What the task asks
All of the entries below are to be repeated word for word.

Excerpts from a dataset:
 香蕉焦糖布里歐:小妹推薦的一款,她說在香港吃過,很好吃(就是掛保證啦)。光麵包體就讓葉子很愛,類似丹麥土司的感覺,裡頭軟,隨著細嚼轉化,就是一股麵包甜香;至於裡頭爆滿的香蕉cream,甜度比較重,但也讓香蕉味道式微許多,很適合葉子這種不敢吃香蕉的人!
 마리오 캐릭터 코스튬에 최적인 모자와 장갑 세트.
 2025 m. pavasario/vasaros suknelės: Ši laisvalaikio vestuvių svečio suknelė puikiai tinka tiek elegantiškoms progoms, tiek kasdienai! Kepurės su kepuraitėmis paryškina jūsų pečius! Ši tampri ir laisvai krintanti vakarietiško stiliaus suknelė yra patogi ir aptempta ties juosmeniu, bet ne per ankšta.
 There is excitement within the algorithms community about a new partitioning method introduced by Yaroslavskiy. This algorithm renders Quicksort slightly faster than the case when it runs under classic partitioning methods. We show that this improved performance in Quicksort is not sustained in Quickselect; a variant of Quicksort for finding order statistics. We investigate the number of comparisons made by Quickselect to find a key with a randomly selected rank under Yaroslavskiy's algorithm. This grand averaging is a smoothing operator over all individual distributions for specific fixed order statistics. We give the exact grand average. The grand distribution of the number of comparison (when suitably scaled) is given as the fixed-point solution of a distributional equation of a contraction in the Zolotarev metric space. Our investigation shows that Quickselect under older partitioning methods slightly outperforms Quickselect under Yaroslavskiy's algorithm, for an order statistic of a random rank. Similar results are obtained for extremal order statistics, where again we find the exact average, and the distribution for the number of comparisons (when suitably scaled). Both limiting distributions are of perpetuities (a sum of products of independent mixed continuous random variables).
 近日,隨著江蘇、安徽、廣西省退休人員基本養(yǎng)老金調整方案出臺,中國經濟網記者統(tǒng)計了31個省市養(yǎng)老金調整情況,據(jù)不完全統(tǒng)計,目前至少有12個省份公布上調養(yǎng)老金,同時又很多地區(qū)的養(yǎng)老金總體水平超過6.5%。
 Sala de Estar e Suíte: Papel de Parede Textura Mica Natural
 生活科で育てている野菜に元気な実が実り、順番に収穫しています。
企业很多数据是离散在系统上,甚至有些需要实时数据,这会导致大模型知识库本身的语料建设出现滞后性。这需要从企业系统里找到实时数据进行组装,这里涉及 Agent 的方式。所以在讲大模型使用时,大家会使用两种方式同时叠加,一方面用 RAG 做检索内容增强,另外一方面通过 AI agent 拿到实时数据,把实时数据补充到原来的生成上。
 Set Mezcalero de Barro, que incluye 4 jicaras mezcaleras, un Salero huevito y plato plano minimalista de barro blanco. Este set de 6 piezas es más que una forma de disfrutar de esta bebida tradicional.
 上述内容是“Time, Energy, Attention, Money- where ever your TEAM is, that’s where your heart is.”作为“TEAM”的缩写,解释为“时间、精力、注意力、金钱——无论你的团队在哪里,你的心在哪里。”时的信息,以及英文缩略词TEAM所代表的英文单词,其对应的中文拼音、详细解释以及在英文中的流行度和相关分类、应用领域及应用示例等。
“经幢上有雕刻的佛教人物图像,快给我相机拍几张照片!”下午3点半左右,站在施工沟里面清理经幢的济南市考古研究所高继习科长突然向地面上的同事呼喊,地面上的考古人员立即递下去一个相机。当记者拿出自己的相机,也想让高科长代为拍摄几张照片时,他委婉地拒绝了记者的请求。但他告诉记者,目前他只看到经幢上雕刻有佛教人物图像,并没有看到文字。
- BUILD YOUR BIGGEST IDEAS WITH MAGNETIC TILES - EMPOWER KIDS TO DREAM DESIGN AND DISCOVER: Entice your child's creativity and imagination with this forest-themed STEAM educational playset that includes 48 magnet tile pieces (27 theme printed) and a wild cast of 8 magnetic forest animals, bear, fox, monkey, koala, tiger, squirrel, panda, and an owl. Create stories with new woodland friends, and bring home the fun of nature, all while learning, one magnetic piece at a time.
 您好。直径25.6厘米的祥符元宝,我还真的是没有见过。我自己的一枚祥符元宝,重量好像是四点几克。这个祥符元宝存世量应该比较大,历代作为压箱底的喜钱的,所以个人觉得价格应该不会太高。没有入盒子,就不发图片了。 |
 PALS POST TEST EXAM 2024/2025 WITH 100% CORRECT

Your response
 香蕉焦糖布里歐:小妹推薦的一款,她說在香港吃過,很好吃(就是掛保證啦)。光麵包體就讓葉子很愛,類似丹麥土司的感覺,裡頭軟,隨著細嚼轉化,就是一股麵包甜香;至於裡頭爆滿的香蕉cream,甜度比較重,但也讓香蕉味道式微許多,很適合葉子這種不敢吃香蕉的人!
 마리오 캐릭터 코스튬에 최적인 모자와 장갑 세트.
 2025 m. pavasario/vasaros suknelės: Ši laisvalaikio vestuvių svečio suknelė puikiai tinka tiek elegantiškoms progoms, tiek kasdienai! Kepurės su kepuraitėmis paryškina jūsų pečius! Ši tampri ir laisvai krintanti vakarietiško stiliaus suknelė yra patogi ir aptempta ties juosmeniu, bet ne per ankšta.
 There is excitement within the algorithms community about a new partitioning method introduced by Yaroslavskiy. This algorithm renders Quicksort slightly faster than the case when it runs under classic partitioning methods. We show that this improved performance in Quicksort is not sustained in Quickselect; a variant of Quicksort for finding order statistics. We investigate the number of comparisons made by Quickselect to find a key with a randomly selected rank under Yaroslavskiy's algorithm. This grand averaging is a smoothing operator over all individual distributions for specific fixed order statistics. We give the exact grand average. The grand distribution of the number of comparison (when suitably scaled) is given as the fixed-point solution of a distributional equation of a contraction in the Zolotarev metric space. Our investigation shows that Quickselect under older partitioning methods slightly outperforms Quickselect under Yaroslavskiy's algorithm, for an order statistic of a random rank. Similar results are obtained for extremal order statistics, where again we find the exact average, and the distribution for the number of comparisons (when suitably scaled). Both limiting distributions are of perpetuities (a sum of products of independent mixed continuous random variables).
 近日,隨著江蘇、安徽、廣西省退休人員基本養(yǎng)老金調整方案出臺,中國經濟網記者統(tǒng)計了31個省市養(yǎng)老金調整情況,據(jù)不完全統(tǒng)計,目前至少有12個省份公布上調養(yǎng)老金,同時又很多地區(qū)的養(yǎng)老金總體水平超過6.5%。
 Sala de Estar e Suíte: Papel de Parede Textura Mica Natural
 生活科で育てている野菜に元気な実が実り、順番に収穫しています。
企业很多数据是离散在系统上,甚至有些需要实时数据,这会导致大模型知识库本身的语料建设出现滞后性。这需要从企业系统里找到实时数据进行组装,这里涉及 Agent 的方式。所以在讲大模型使用时,大家会使用两种方式同时叠加,一方面用 RAG 做检索内容增强,另外一方面通过 AI agent 拿到实时数据,把实时数据补充到原来的生成上。
 Set Mezcalero de Barro, que incluye 4 jicaras mezcaleras, un Salero huevito y plato plano minimalista de barro blanco. Este set de 6 piezas es más que una forma de disfrutar de esta bebida tradicional.
 上述内容是“Time, Energy, Attention, Money- where ever your TEAM is, that’s where your heart is.”作为“TEAM”的缩写,解释为“时间、精力、注意力、金钱——无论你的团队在哪里,你的心在哪里。”时的信息,以及英文缩略词TEAM所代表的英文单词,其对应的中文拼音、详细解释以及在英文中的流行度和相关分类、应用领域及应用示例等。
“经幢上有雕刻的佛教人物图像,快给我相机拍几张照片!”下午3点半左右,站在施工沟里面清理经幢的济南市考古研究所高继习科长突然向地面上的同事呼喊,地面上的考古人员立即递下去一个相机。当记者拿出自己的相机,也想让高科长代为拍摄几张照片时,他委婉地拒绝了记者的请求。但他告诉记者,目前他只看到经幢上雕刻有佛教人物图像,并没有看到文字。
- BUILD YOUR BIGGEST IDEAS WITH MAGNETIC TILES - EMPOWER KIDS TO DREAM DESIGN AND DISCOVER: Entice your child's creativity and imagination with this forest-themed STEAM educational playset that includes 48 magnet tile pieces (27 theme printed) and a wild cast of 8 magnetic forest animals, bear, fox, monkey, koala, tiger, squirrel, panda, and an owl. Create stories with new woodland friends, and bring home the fun of nature, all while learning, one magnetic piece at a time.
 您好。直径25.6厘米的祥符元宝,我还真的是没有见过。我自己的一枚祥符元宝,重量好像是四点几克。这个祥符元宝存世量应该比较大,历代作为压箱底的喜钱的,所以个人觉得价格应该不会太高。没有入盒子,就不发图片了。 |
 PALS POST TEST EXAM 2024/2025 WITH 100% CORRECT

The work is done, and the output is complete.